The search procedure ran out of features here, as the `iris` dataset only has four features.
The optimization statuses are:

- 0: `Optimal` (optimal solution found)
- 1: `Feasible` (a valid solution found till timeout, but may not be optimal)
- 2: `Infeasible` (there is no valid solution)
- 6: `Not solved` (no valid solution found till timeout, but there may be one)

If you don't want to provide a dataset but use manually defined univariate qualities
(which result in the same optimization problem as "MI" and model importance), you can do so as well:

```python
import alfese

feature_selector = alfese.ManualQualityUnivariateSelector()
feature_selector.set_data(q_train=[1, 2, 3, 7, 8, 9])
search_result = feature_selector.search_sequentially(k=3, num_alternatives=3, tau_abs=2)
print(search_result.drop(columns='optimization_time').round(2))
```

## Developer Info

`AlternativeFeatureSelector` is the topmost abstract superclass.
It contains code for solver handling, the dissimilarity-based definition of alternatives, and the
two solver-based search procedures, i.e., sequential as well as simultaneous (sum-aggregation and min-aggregation).
For defining a new feature-selection method, you should create a subclass of `AlternativeFeatureSelector`.
In particular, you need to define how to solve the optimization problem of alternative feature selection
by overriding the abstract method `select_and_evaluate()`.
To this end, you may want to define the optimization problem
(objective function, which expresses feature-set quality, and maybe further constraints)
by overriding `initialize_solver()`.
You should also call the original implementation of this methods via `super().initialize_solver()`
to not override general initialization steps (solver configuration, cardinality constraints).
The sequential and simultaneous search procedures for alternatives implemented in `AlternativeFeatureSelector`
basically add further constraints (for alternatives) to the optimization problem and call `select_and_evaluate()`.
Thus, if the latter method is implemented properly, you do not need to override the search procedures,
as they should work as-is in new subclasses as well.

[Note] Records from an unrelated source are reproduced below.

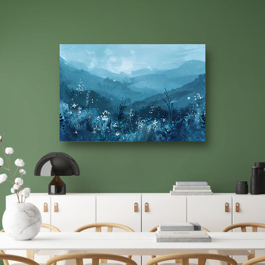 Serene bloemen en bergen in blauw acrylglas
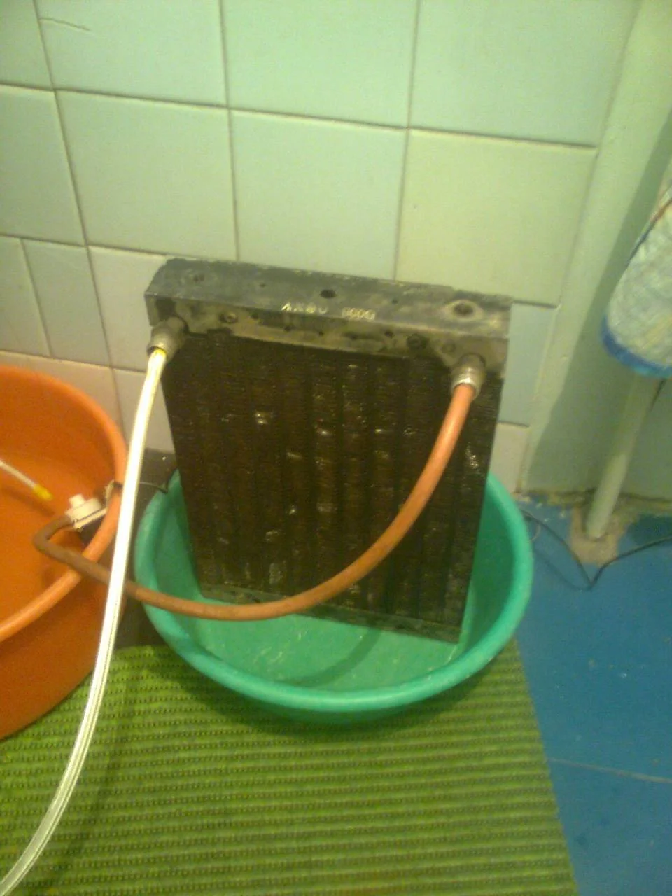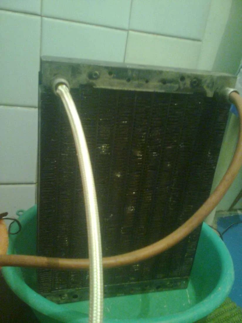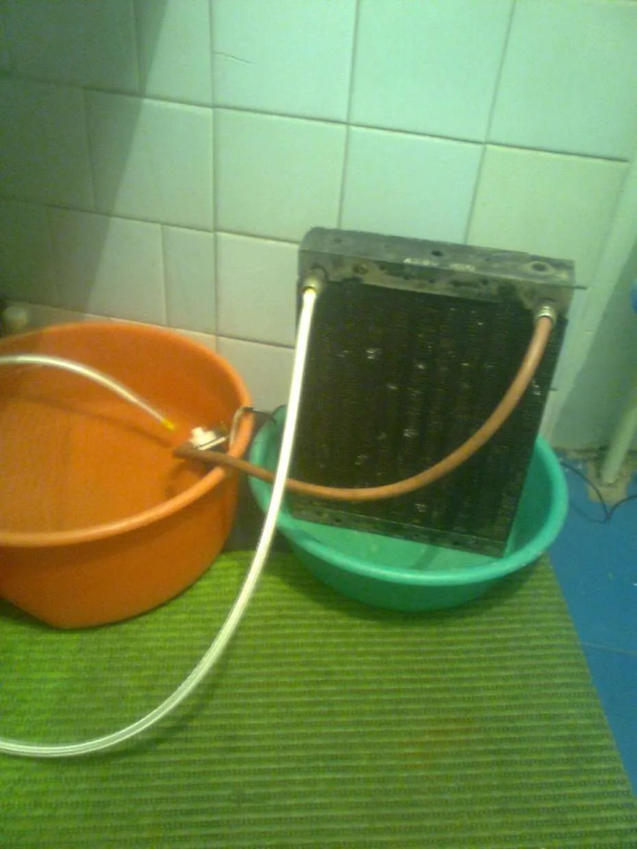 Нашёл я всётаки штуцеры, но они были чуть большеваты и пришлось их подпилить.Нашёл в гараже радитор автомобильный, вычистил его, проверил протечек нет. Вчера приклеил штуцеры начал сегодня проверять, а водоблок весь дырявый. Разобрал его, отчистил от герметика и приклеил на секундный момент. Щас подсохнет клей и пойду проверю систему в сборе.
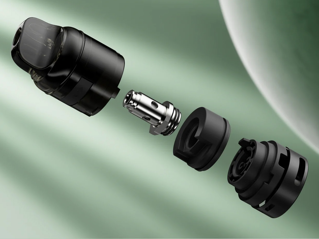 Компактное устройство активируется в процессе затягивания и выдает максимальную мощность в 10 ватт. За питание отвечает интегрированная батарея емкостью 400 мАч. Зарядка осуществляется через USB Type-C током в 0,35А. Сменный картридж обладает привычной конструкцией — стандартный резервуар на 2 мл, магнитный коннектор и встроенный испаритель на спирали с сопротивлением в 1,0 Ом. Помимо того, предусматривается версия с предварительно заправленным картриджем на 4 мл. На выбор предоставляется не менее десяти вкусов с концентрацией никотина в 5%.

There are further abstract superclasses extracting commonalities between feature-selection methods:

-  `WhiteBoxFeatureSelector` is a good starting point if you want to optimize your objective with a solver
  (rather than using the solver in an algorithmic search routine with a black-box objective, like Greedy Wrapper does).
  When creating a subclass, you need to define the white-box objective by overriding the abstract method `create_objectives()`
  (define objectives separately for training set and test set, as they may use different constants for feature qualities).
  `select_and_evaluate()` and `initialize_solver()` need not be overridden in your subclass anymore.
- `LinearQualityFeatureSelector` is a good starting point if your objective is a plain sum of feature qualities.
  When creating a subclass, you need to provide these qualities by overriding the abstract method `compute_qualities()`.
  `select_and_evaluate()` and `initialize_solver()` need not be overridden in your subclass anymore.